So (dramatic pause here). How do a glacially slow economic recovery, continued employment frustration and faint income growth add up for foodservice these days? Now that the elections have passed, will Congress find an updraft off the fiscal cliff?

Perspective is everything, as they say. Last year’s economic improvement was slow, but it was positive growth again, the third year in a row after the scary nosedives of ’09 and ’08. So last year, as consumers regained a sense of equilibrium, if not of actual well-being, they began venturing out to restaurants again. Late last year, consumer sentiment was running at its highest levels in five years.

And for those of you who want to jump to the bottom line, here’s the word for the coming year: Barring unforeseen calamities, which is a disclaimer worth thinking about, the year ahead for foodservice should look much like last year. And maybe a hair better.

RPI Stays Positive

Several indicators suggest foodservice has some self-sustaining strength in it now, even without a lot of support from the larger economy. At press time, for example, the National Restaurant Association’s Restaurant Performance Index had stayed at or above 100—indicating improvement above year-earlier levels—every month from September ’11 to September ’12, the last month for which data were available for this story. The growth wasn’t strong, but it was growth.

“We do expect the overall operating environment to remain uncertain and the top challenges of 2012 to persist, including volatile consumer confidence and rising wholesale food prices,” says Hudson Riehle, sr. v.p. of research for the NRA.

“Whatever happens with the so-called “fiscal cliff” at the end of 2012, it will impact the confidence of both consumers and businesses in the first part of 2013, resulting in sustained deliberative and cautious spending patterns. The good news is that consumers have a high pent-up demand for restaurant services, with more than two out of five saying they are not using restaurants as much as they would like.” Going forward, as the employment situation continues to improve in 2013, that growth is likely to convert into restaurant sales, he says.

Same Store Sales Strengthening

Same Store Sales were a bright spot, continuing their healthy upward trend through ’12. A slide that began in ’08 clearly ended in early ’10, according to data tracked by Chicago-based research and consulting firm Technomic Inc. By 2Q10, for example, Quick Service Restaurant same store sales, adjusted to exclude McDonald’s, moved into positive growth, and since then the growth rate has trended upward for nine straight quarters. The chart ends with 2Q ’12, but incomplete data at press time showed 3Q growth looked on track.

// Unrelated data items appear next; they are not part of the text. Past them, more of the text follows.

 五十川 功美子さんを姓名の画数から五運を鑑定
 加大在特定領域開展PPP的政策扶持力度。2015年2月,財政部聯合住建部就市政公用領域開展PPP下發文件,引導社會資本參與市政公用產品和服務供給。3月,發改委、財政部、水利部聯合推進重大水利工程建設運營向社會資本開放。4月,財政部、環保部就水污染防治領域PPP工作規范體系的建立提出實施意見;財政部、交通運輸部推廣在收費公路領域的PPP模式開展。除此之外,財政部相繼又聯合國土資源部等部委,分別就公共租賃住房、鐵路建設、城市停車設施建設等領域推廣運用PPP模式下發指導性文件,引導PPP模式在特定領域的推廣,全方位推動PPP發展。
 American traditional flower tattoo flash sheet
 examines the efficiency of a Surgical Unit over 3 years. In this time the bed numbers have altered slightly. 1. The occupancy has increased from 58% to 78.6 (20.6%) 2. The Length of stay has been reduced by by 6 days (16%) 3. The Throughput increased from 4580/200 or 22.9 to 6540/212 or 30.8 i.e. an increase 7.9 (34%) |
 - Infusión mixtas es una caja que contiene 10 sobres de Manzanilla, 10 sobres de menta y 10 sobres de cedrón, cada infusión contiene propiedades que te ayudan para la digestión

The trending was similar, if not as strong, for Full Service Restaurants. FSR Same Store Sales growth turned positive during 3Q10 and has stayed positive since with a generally upward trendline.

One factor that makes the trends look so solid is that they’re so broad-based. Upward of 90% of QSRs tracked by Technomic report positive growth. For FSRs, that figure is better than 80%.

Steady Gains For 2013

So what’s ahead? Technomic, which was cautious at this time last year, now says ’12 came in better than expected with overall real growth of 1.5% for all sales (food, alcohol, non-alcohol and nonfoods) across all segments. And it projects ’13 will be that good and a little better, at 1.8%.

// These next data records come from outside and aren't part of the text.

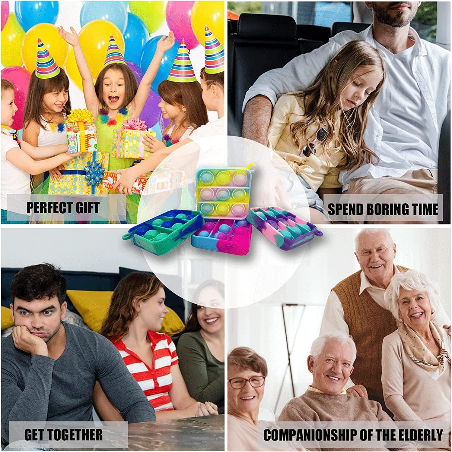 - 【Entertainment and Stress Relief】: These mini pop pack toys are great for everyone. For kids, this mini pop bulk can improve the ability of calculation and thinking. For adults, relieve stress and keep the brain active, prevent the degeneration. It's a good helper to relieve anxiety. By squeezing our silicone bubble keychain, you can get mental comfort and emotional release.
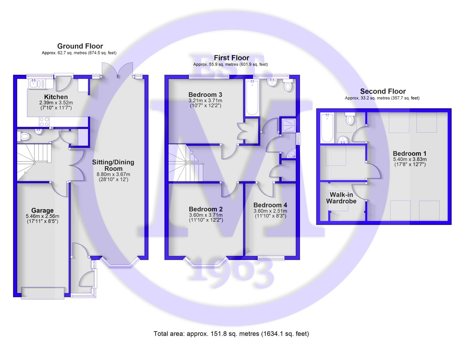 Three double bedrooms on the first floor, with bedroom three benefiting from a built-in double wardrobe.
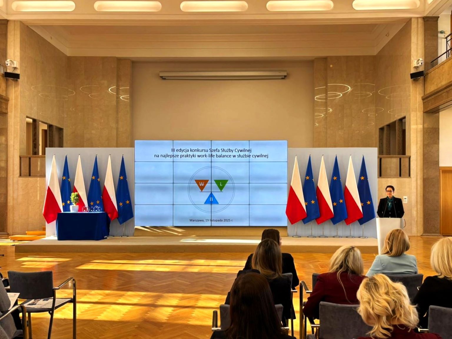 W dniu 19.11.2025 r. odbyła się finałowa gala III edycji konkursu na najlepsze praktyki work-life balance w służbie cywilnej. Udział w niej, na zaproszenie Kancelarii Prezesa Rady Ministrów wzięli Powiatowy Inspektor Nadzoru Budowlanego w Krakowie – Powiat Grodzki – Małgorzata Boryczko wraz z zastępcą Przemysławem Ziębaczem.
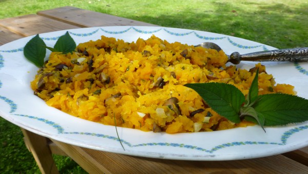 Skala och riv pumpan grovt på ett rivjärn eller pulsa till ris i en matberedare.
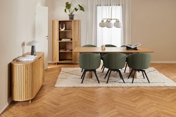 Krzesło Darlene z podłokietnikami uosabia nowoczesną elegancję i funkcjonalność. Zaokrąglone siedzisko tapicerowane tkaniną o bogatej fakturze zostało zaprojektowane z myślą o komforcie, dzięki zastosowaniu sprężyn kieszeniowych. Funkcje obrotu i automatycznego powrotu umożliwiają swobodne poruszanie się, a solidna, stalowa podstawa gwarantuje stabilność. Idealne rozwiązanie do jadalni, które łączy estetykę z praktycznością.
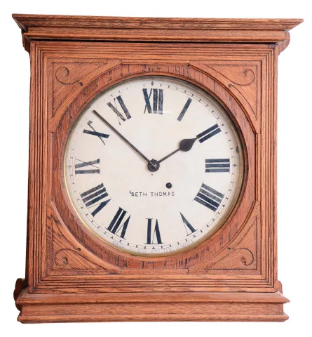 Clocks- 5 (Five) wall, 8 day: (1) Lenzkirch walnut time and strike spring wound R/A; (2) Seth Thomas Clock Co., "Office No. 5" oak time only gallery clock, c1904; (3) French pressed brass time only hanging clock, cartouche numbers, tic-tac pendulum; (4)
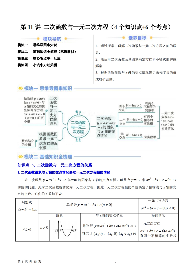 九年级(上)数学 二次函数与一元二次方程暑假自学课(人教版)
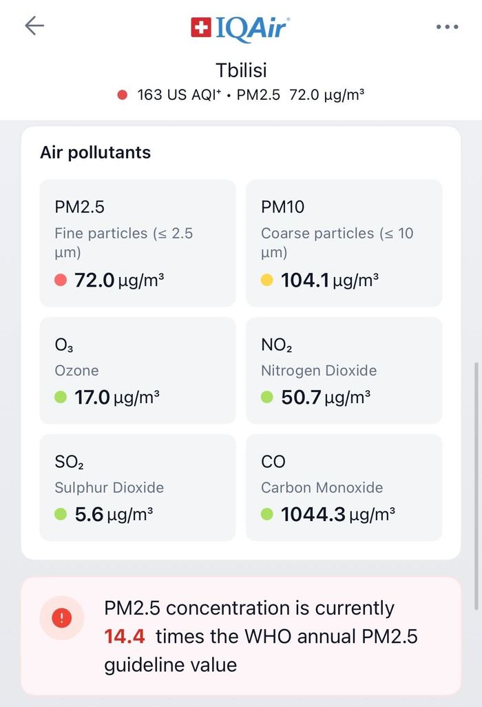 ქვემოთ აპლიკაცია სხვა დამაბინძურებელი ნივთიერებების კონცენტრაციებსაც გაჩვენებთ. წერია ისიც, თუ რამდენად შეესაბამება ჰაერის ხარისხი WHO-ს რეკომენდაციებს. ამ შემთხვევაში, როგორც ხედავთ, კონკრეტულად PM2.5-ის კონცენტრაცია 14.4-ჯერ აღემატება WHO-ს მიერ რეკომენდებულ დაშვებულ მაჩვენებელს.
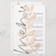 A budget price size 5.5” x 8.5”, on an elegant 110 lb LINEN stock – for a luxury feel at great value, this is perfect for menus, as well as invitations and programs etc. This budget size alternative is also available in other paper choices. The SEMI-GLOSS 110 lb card stock is about the same thickness as a postcard, so also works well for invitations. The FELT 100 lbs paper is buff coloured, NOT white, so adds a rustic touch. The MATTE 80lbs paper stock is bright white, for crisp printing, great for your menus and programs, whilst the SATIN 80lbs paper is thin and light, ideal for enclosures. PLEASE NOTE THE OPTIONAL ENVELOPES ARE A LITTLE BIGGER IN SIZE AT 6.75” x 9” approx. This modern design has Menu in elegant set grey script running up the left hand side and the rest of the text is aligned to the right which you can easily personalise as well as your names and wedding date on the back. Artsy watercolor leaves in peach are tinted in the background on both sides.

Those numbers will fluctuate by segment, of course. The biggest single driver will be Limited Service Restaurants, a 30% chunk of all foodservice (and more than half of all restaurants and bars) that is expected to see 2.2% real growth this year, Technomic figures. But the good news extends to Full Service Restaurants, too. That segment, almost 26% of all foodservice, is forecast to grow at an even 2%.

Smaller segments, which also are expected to do well, include lodging (3.9% growth), colleges and universities (2.9%), and caterers (3.9%). On the negative side, recreation and long-term care are expected to shrink again. The line-by-line projections appear in the table.

So there’s the snapshot as it stands now. If nobody makes any sudden moves, and consumers don’t perceive any shocking news, figure some real growth more or less like what you saw last year.